The final algorithm is a set of rules that look like this:
1. If carrying food, call go home AI.
2. If carrying food and in base, drop food (or wander until there is a spot to drop the food), set chemical output to low.
3. If not on surface, wander until on surface.
4. If on surface, check for food, pickup, change chemical output to high.
5. If on surface and no food, try to follow a chemical trail.
6. If no trail to follow search for food by looking for a spot with low (or no) chemicals.
The most successful part of this algorithm is step #6, the ants really spread out and find food spawned in a random location quickly.
The other interesting part, which isn't in the steps above, has to do with how the ants apply their pheromone to the tiles. I'm not sure how it is done in nature, but I have it set so if the trail is cold and the ant doesn't want other ants to follow it (i.e. not carrying food) it deposits only a small chemical trail, essentially marking that someone has been there. On the other hand if it does want other ants to follow it (i.e. carrying food), it will deposit a high amount.
To glue everything together in a natural manner, the chemical levels "decay" over time.

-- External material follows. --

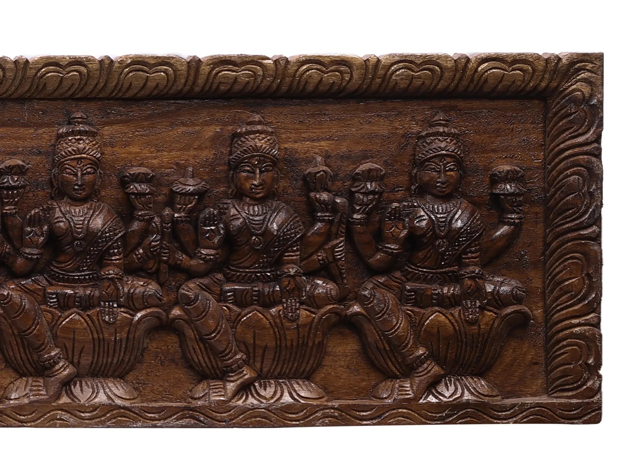 Invite the boundless blessings of prosperity, good fortune, and well-being into your home with this magnificent wooden wall panel depicting the revered Ashta Lakshmi. Each of the eight forms of Goddess Lakshmi, seated gracefully on individual lotus blossoms, is intricately carved, showcasing the artistry and devotion poured into this sacred piece. The rich, dark wood lends an air of ancient tradition and spiritual gravitas, making this panel a captivating focal point for any space. The Ashta Lakshmi represents the eight forms of wealth: Adi Lakshmi (divine power), Dhana Lakshmi (wealth), Dhanya Lakshmi (agricultural wealth), Gaja Lakshmi (royal wealth), Santana Lakshmi (progeny), Vijaya Lakshmi (victory), Vidya Lakshmi (knowledge), and Dhana Lakshmi (riches). Together, they embody a holistic approach to abundance, encompassing not only material prosperity but also spiritual growth, strength, knowledge, and harmonious family life. In Hindu mythology, Lakshmi is the goddess of wealth and prosperity, the consort of Lord Vishnu. It is said that she emerged from the churning of the cosmic ocean (Samudra Manthan), carrying a lotus in her hand, hence her association with this sacred flower. Her presence is believed to bring good luck, wealth, and auspiciousness.

The biggest surprise of all this how complex the chemical trail following algorithm became. In an ideal world the chemical trail would be a high resolution heat-map style implementation which would allow the direction they are moving in to be clear. With my low resolution chemical trail, if there is a block of several high-chemical tiles all clumped up the ants start getting put into cycles, so I have to add special cases to resolve that. I'm not sure how interesting those special cases are so I'll leave them out for now.
I now have lots of variables to tweak (chemical output low, chemical output high, chemical decay rate, decay amount, max chemical per tile) several algorithms and functions which could use tweaking (chemicalOutput, trail following). All in all I'm very happy with the result given the constraints, and will hopefully have a demo out soon.